BRIEF DESCRIPTION OF THE DRAWINGS
[0014] These and/or other aspects, features, and advantages of the
invention will become apparent and more readily appreciated from
the following description of exemplary embodiments, taken in
conjunction with the accompanying drawings of which:
[0015] FIG. 1 is a diagram illustrating an apparatus for
interpreting a Korean keyword search phrase according to an
embodiment of the present invention; and
[0016] FIG. 2 is a flowchart illustrating a method of interpreting
a Korean keyword search phrase according to an embodiment of the
present invention.
DETAILED DESCRIPTION
[0017] Reference will now be made in detail to exemplary
embodiments of the present invention, examples of which are
illustrated in the accompanying drawings, wherein like reference
numerals refer to the like elements throughout. Exemplary
embodiments are described below to explain the present invention by
referring to the figures.
[0018] FIG. 1 is a diagram illustrating an apparatus 100 for
interpreting a Korean keyword search phrase according to an
embodiment of the present invention.
[0019] Referring to FIG. 1, the apparatus 100 may include an
interface 101, a processor 103, and a database 105.
[0020] The interface 101 may receive a search phrase, and may
extract keywords from the search phrase. For example, when a search
phrase of "Angelina Jolie starring horror movie" is input, the
interface 101 may extract keywords "Angelina Jolie," "starring,"
"horror," and "movie" from the search phrase.

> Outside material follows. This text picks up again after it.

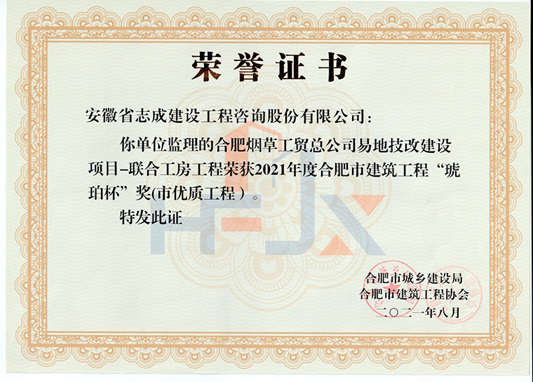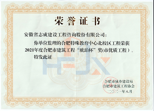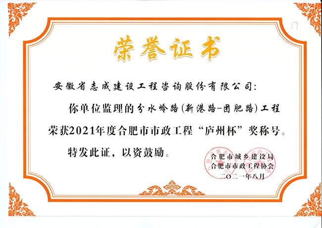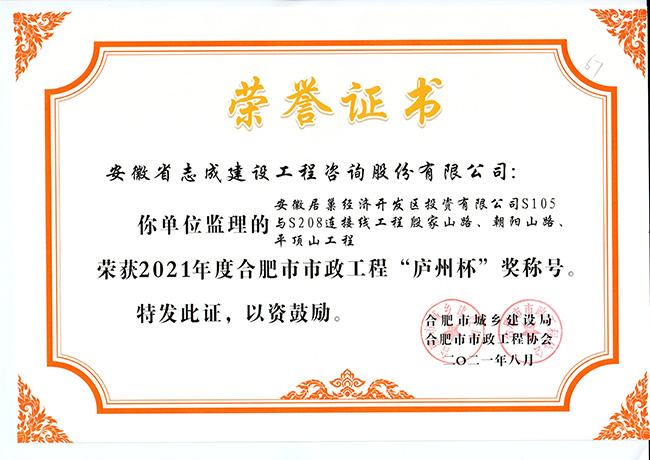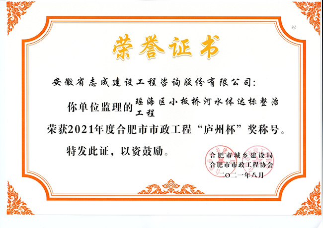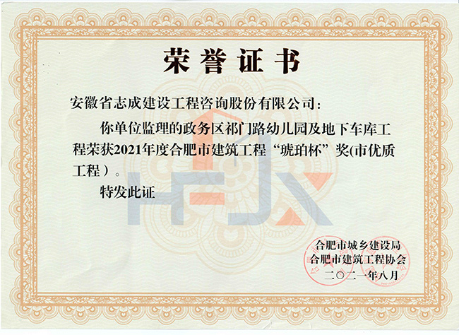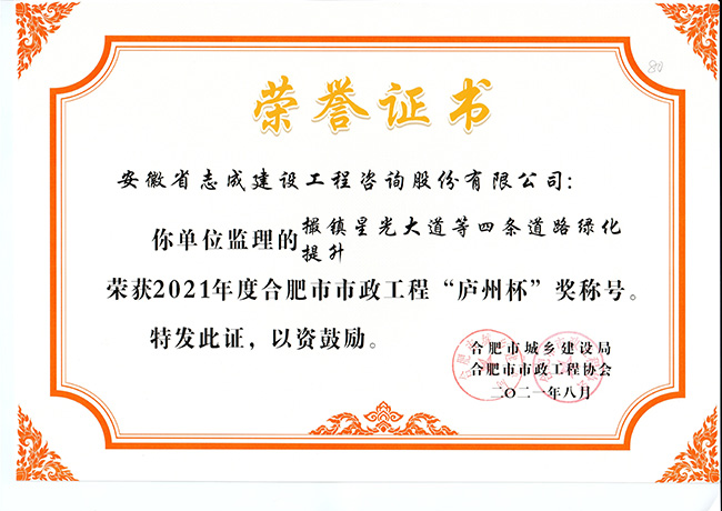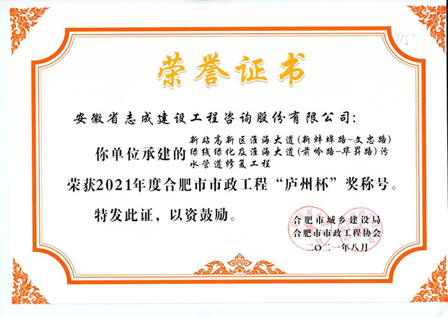 我公司合肥市特殊教育中心北校區(qū)工程、政務(wù)區(qū)祁門路幼兒園及地下車庫(kù)工程、合肥煙草工貿(mào)總公司易地技改建設(shè)項(xiàng)目-聯(lián)合工房工程喜獲2021年度合肥市建筑工程“琥珀杯”獎(jiǎng);.瑤海區(qū)小板橋河水體達(dá)標(biāo)整治理工程、合肥高新區(qū)2019年度第四批綠化工程、分水嶺路(新港路-團(tuán)肥路)工程、新站高新區(qū)淮海大道(新蚌埠路-文忠路)綠線綠化及淮海大道(前嶺路-畢昇路)污水管道修復(fù)工程、撮鎮(zhèn)星光大道等四條道路綠化提升工程、安徽居巢經(jīng)濟(jì)開發(fā)區(qū)投資有限公司S105與S208連接線工程殷家山路、朝陽山路、平頂山工程、肥東縣縣級(jí)道路暢通工程(馬湖至石塘)道路綠化工程喜獲2021年度合肥市市政工程“廬州杯”獎(jiǎng)。

[0021] Here, the interface 101 may receive an input of a search
phrase including at least one keyword that may be classified as a
class. In this instance, the search phrase may include the keyword
that is classified as the class, as a keyword positioned at the end
of the search phrase.
[0022] For example, the processor 103 may provide semantic
information associated with the search phrase through a display
unit (not shown), by classifying the extracted keywords into at
least one of a class, an instance, a property, and an attribute of
the instance, based on a Korean sentence structure, and obtaining
the semantic information from the database 105 based on a result of
the classifying. Here, the semantic information associated with the
search phase may correspond to, for example, knowledge information
associated with instances extracted from the database 105 as a
result. For example, with respect to the keywords "Angelina Jolie,"

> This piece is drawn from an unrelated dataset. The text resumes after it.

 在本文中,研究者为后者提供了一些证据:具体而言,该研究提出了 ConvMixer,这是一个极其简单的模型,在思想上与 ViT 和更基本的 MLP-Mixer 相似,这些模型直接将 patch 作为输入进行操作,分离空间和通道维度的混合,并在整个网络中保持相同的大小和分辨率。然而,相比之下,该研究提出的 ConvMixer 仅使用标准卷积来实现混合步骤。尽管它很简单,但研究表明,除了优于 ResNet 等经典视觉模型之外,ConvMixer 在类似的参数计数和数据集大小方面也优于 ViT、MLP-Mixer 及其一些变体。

"starring," "horror," and "movie" that are extracted from the
search phrase of "Angelina Jolie starring horror movie," the
processor 103 may classify "Angelina Jolie" as the instance,
"starring" as the property, "horror" as the attributes, and "movie"
as the class, based on the Korean sentence structure. Here, the
Korean sentence structure may correspond to, for example, a
structure in which a subject and an object are placed before a
verb, and a modifier is placed before a modificand that is modified
by the modifier.
[0023] In particular, the processor 103 may extract, from the
database 105, first instances included in a class corresponding to
a class keyword classified as the class, extract, from the
extracted first instances, second instances related to an instance
corresponding to an instance keyword classified as the instance,
and obtain, as the semantic information, information associated
with the extracted second instances, or document information
partially including the extracted second instances. For example,
the processor 103 may extract first instances included in the class
of "movie" from the database 105, extract second instances related
to the instance of "Angelina Jolie" from the extracted first
instances, and obtain information associated with the extracted
second instance as the semantic information.
[0024] In this instance, when a property keyword classified as the
property is present, the processor 103 may extract, from the
extracted first instances, the second instances related to
instances corresponding to the instance keyword in terms of a
property corresponding to the property keyword. For example, the
processor 103 may extract, from the first instances included in the
class of "movie," the second instances related to the instance of
"Angelina Jolie" in terms of the property of "starring" indicating
a relationship.
[0025] In addition, when an attribute keyword classified as the
attributes is present, the processor 103 may extract attribute
instances corresponding to the attribute keyword from the second
instances, and may obtain information associated with the extracted
attribute instances as the semantic information. For example, the
processor 103 may extract instances corresponding to the attribute
of "horror" from the second instances related to the instance of
"Angelina Jolie" in terms of the property of "starring" indicating
a relationship, and may obtain information associated with the
extracted instances as the semantic information.
[0026] Accordingly, when the search phrase of "Angelina Jolie
starring horror movie" is input into the interface 101, the
processor 103 may obtain and provide information regarding "a movie
corresponding to a horror genre among movies starring Angelina
Jolie." That is, although a search keyword is received using, for
example, a limited QWERTY keyboard of a smart phone, the processor
103 may provide more accurate information about search results by
reinterpreting a meaning of the search keyword.
[0027] When a plurality of keywords, among the extracted keywords,
is classified as the class, the processor 103 may classify keywords
input prior to a first keyword, and the first keyword as a first
single search phrase, and may classify keywords input between the
first keyword and a second keyword, and the second keyword as a
second single search phrase. For example, when a search phrase of
"Gran Torino director starring drama film" is input into the
interface 101, the processor 103 may classify keywords "director,"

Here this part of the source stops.